Primeiro judeu a presidir tanto o Senado como o Congresso, Davi Alcolumbre destacou a importância histórica e simbólica da iniciativa, que homenageia a relação entre os dois países. Ele lembrou que a escolha da data está associada à instalação da primeira representação diplomática brasileira em território israelense, em 1951, e reforçou que o projeto havia sido apresentado há mais de 10 anos pela então presidente Dilma Rousseff, mas só agora foi aprovado e promulgado.

— Ao longo desse tempo, nunca se perdeu o sentido dessa homenagem. Reconhecer a importância da comunidade judaica no Brasil é fortalecer os laços históricos do Brasil, dos brasileiros, com Israel.
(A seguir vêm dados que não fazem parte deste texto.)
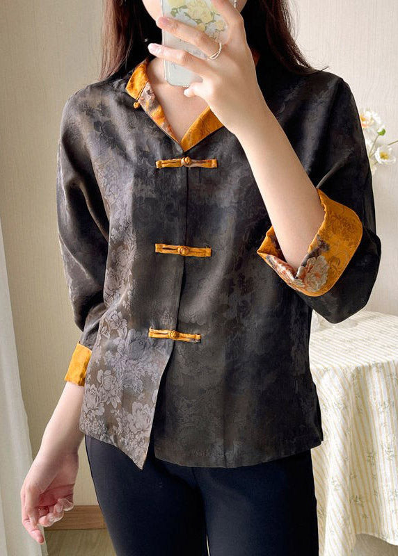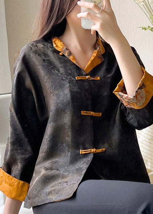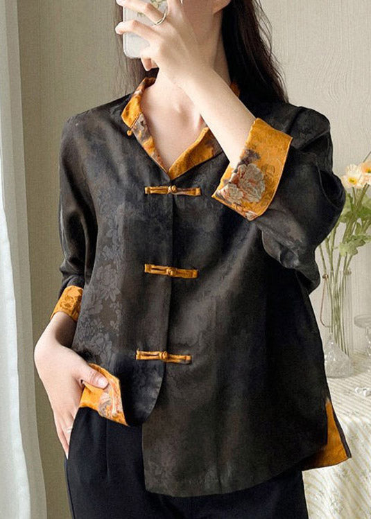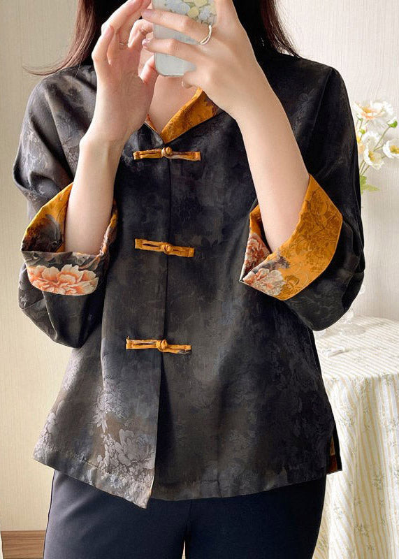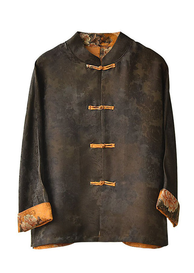 Fashion Stand Collar Print Button Side Open Silk Coat Long Sleeve

A nova lei vai além da diplomacia; ela reconhece e valoriza a contribuição histórica, cultural e social da comunidade judaica do Brasil, uma comunidade vibrante, plural e profundamente enraizada em nosso tecido nacional — declarou o senador.

Davi agradeceu o apoio dos parlamentares à proposta e reiterou a importância da amizade e da cooperação internacional. Também destacou o apoio de Israel em momentos difíceis para o Brasil, como nas operações de resgate em Brumadinho, e disse que o gesto do Congresso é uma mensagem de solidariedade e paz. Ele ressaltou ainda que a celebração reforça o compromisso brasileiro com a amizade entre os povos, a convivência pacífica e a cooperação internacional em áreas fundamentais como ciência, inovação, cultura e desenvolvimento. 
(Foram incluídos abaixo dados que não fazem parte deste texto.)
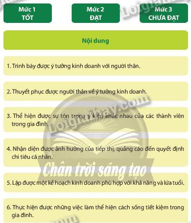 Lựa chọn mức độ đánh giá phù hợp cho mỗi nội dung.

— O Brasil abriga hoje uma das maiores comunidades judaicas da América Latina, enquanto mais de 10 mil brasileiros vivem em Israel. Essa conexão humana fortalece os laços diplomáticos, aproxima culturas e promove o entendimento mútuo entre sociedades democráticas, diversas e abertas ao diálogo. Como primeiro presidente judeu do Senado Federal e do Congresso Nacional, com senso de dever institucional e profunda e imensa honra, registro a promulgação desta lei como expressão da nossa história comum, do respeito à diversidade e do desejo sincero do meu coração de cultivar amizades que contribuam para um mundo mais justo, mais sólido, mais fraterno, mais solidário e mais plural — declarou Davi.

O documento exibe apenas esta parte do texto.